Abstract

Background: The management of locally advanced head and neck cancer remains a challenge to most oncologists and their patients. Treatment with epithelial growth factor receptor inhibitors (EGFRIs) is associated with a good response. Cetuximab, a chimeric monoclonal antibody directed against epithelial growth factor receptor (EGFR), in combination with radiation therapy is indicated for the treatment of locally advanced squamous cell carcinoma of the head and neck. Although a mild acneiform skin rash (Grade 1, 2) is very common in these patients, severe rash (Grade 3) is uncommon.Case report: A 61-year-old African American man with locally advanced oropharyngeal cancer was treated with cetuximab and radiation. He developed a sudden flare-up of a skin rash after the 5th cycle of cetuximab following use of over-the-counter (OTC) skin care remedies. The rash manifested with severe maculopapular eruption and erythematous rash, along with desquamation and exfoliation of the skin, mainly on the face and neck area. The patient denied any extraordinary sun exposure. Cetuximab and radiation therapy were held for 1 week and the rash was treated with doxycycline, diphenhydramine, and continued use of natural emollient (Vaseline petroleum jelly).

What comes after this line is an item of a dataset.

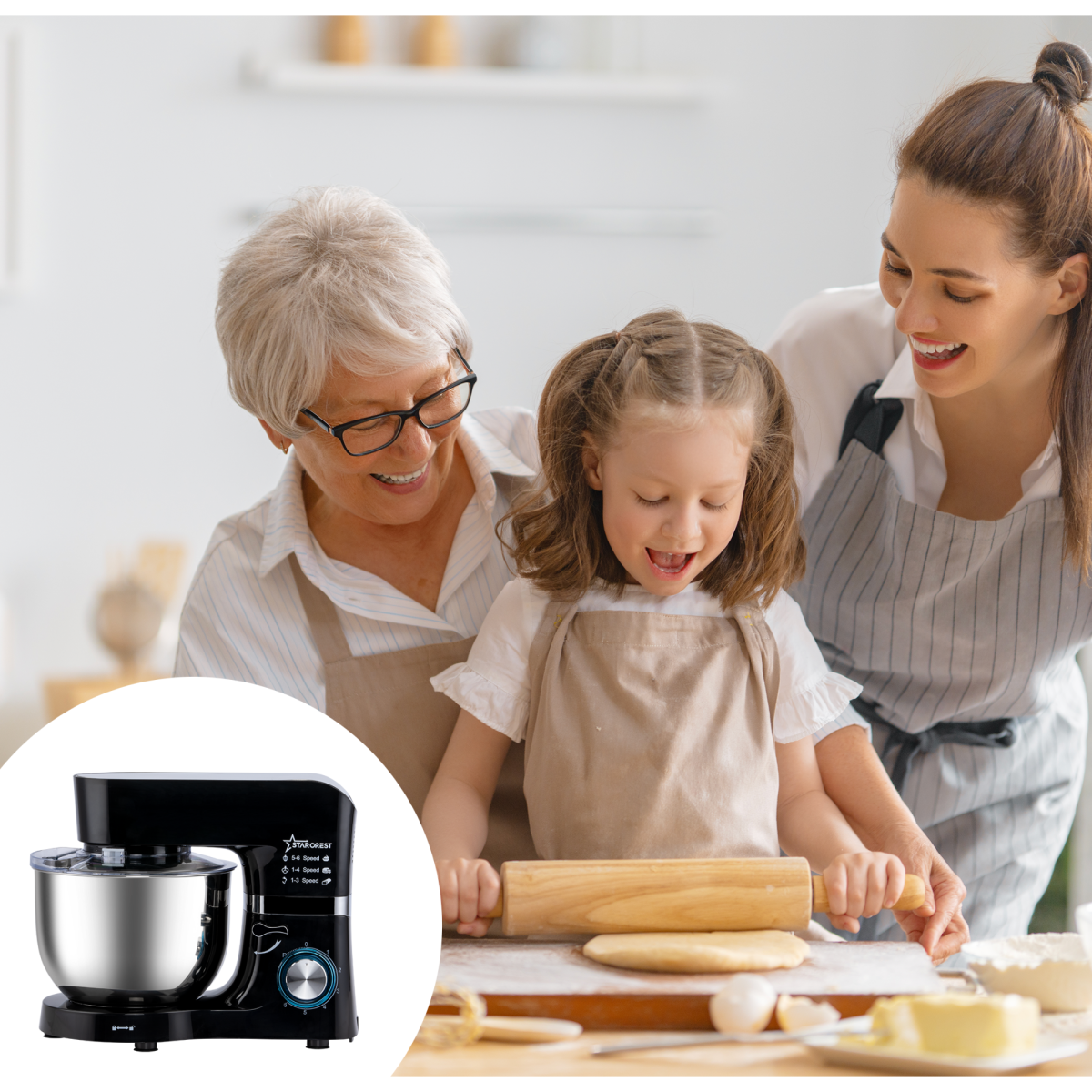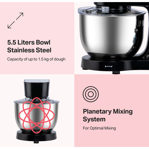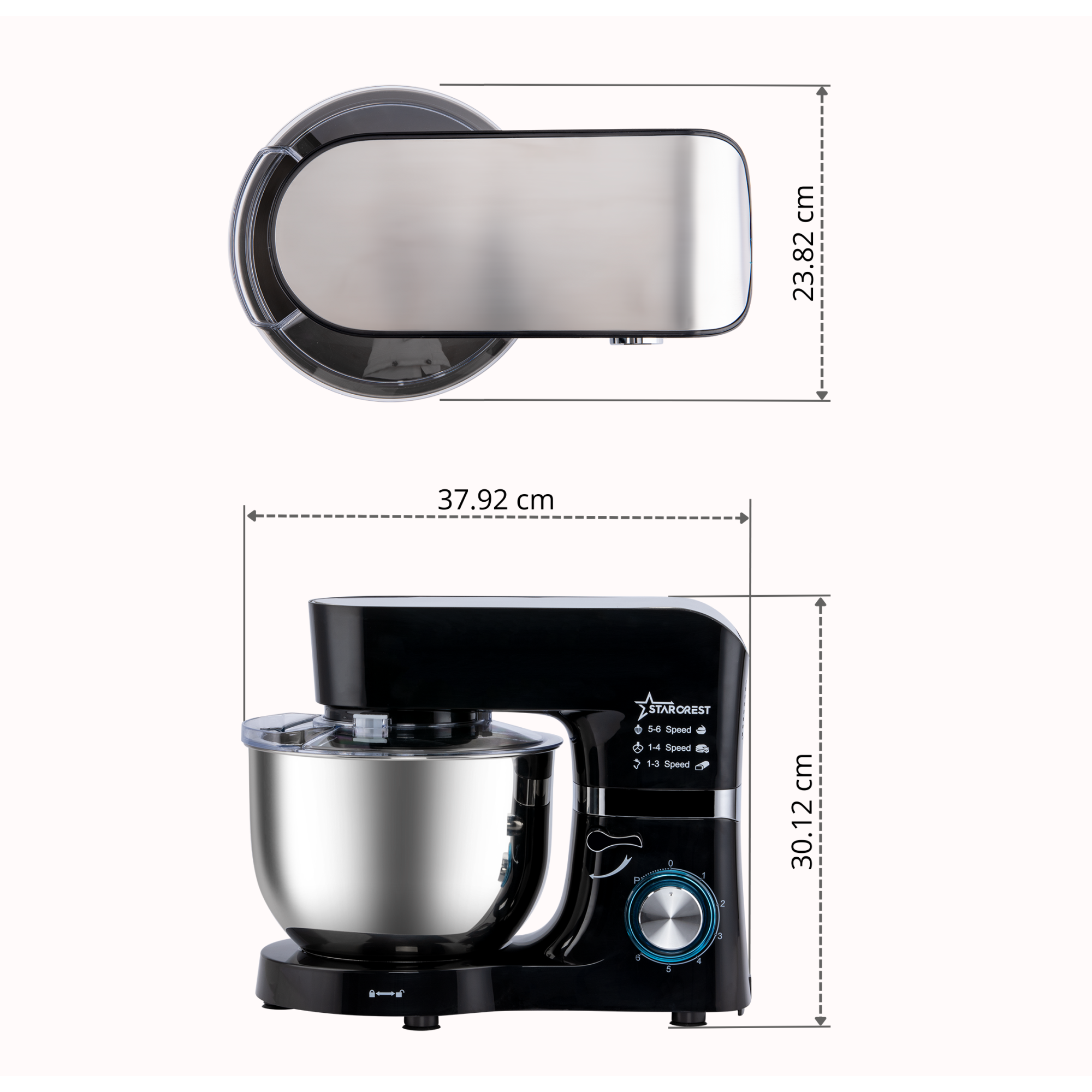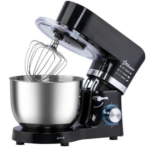 Планетарен миксер STARCREST SKM-1500 BLACK, 1500W, Купа 5.5 L Inox

After 1 week, a dramatic improvement of the facial rash was noticed.Discussion: Our report describes a sudden flare-up of a skin rash (Grade 3) after the 5th cycle of cetuximab following use of OTC skin care remedies, which was unusual for this patient, suggesting a possible relation to the therapy. Skin crucially depends on EGFR for its normal function and becomes extremely sensitive during cetuximab therapy. Topical OTC acne and dry skin remedies can suddenly change the mild acneiform rash into severe skin toxicity associated with marked desquamation and exfoliation. Avoidance of further skin damage caused by topical applications and the use of doxycycline and diphenhydramine show a significant success in the management of skin toxicity.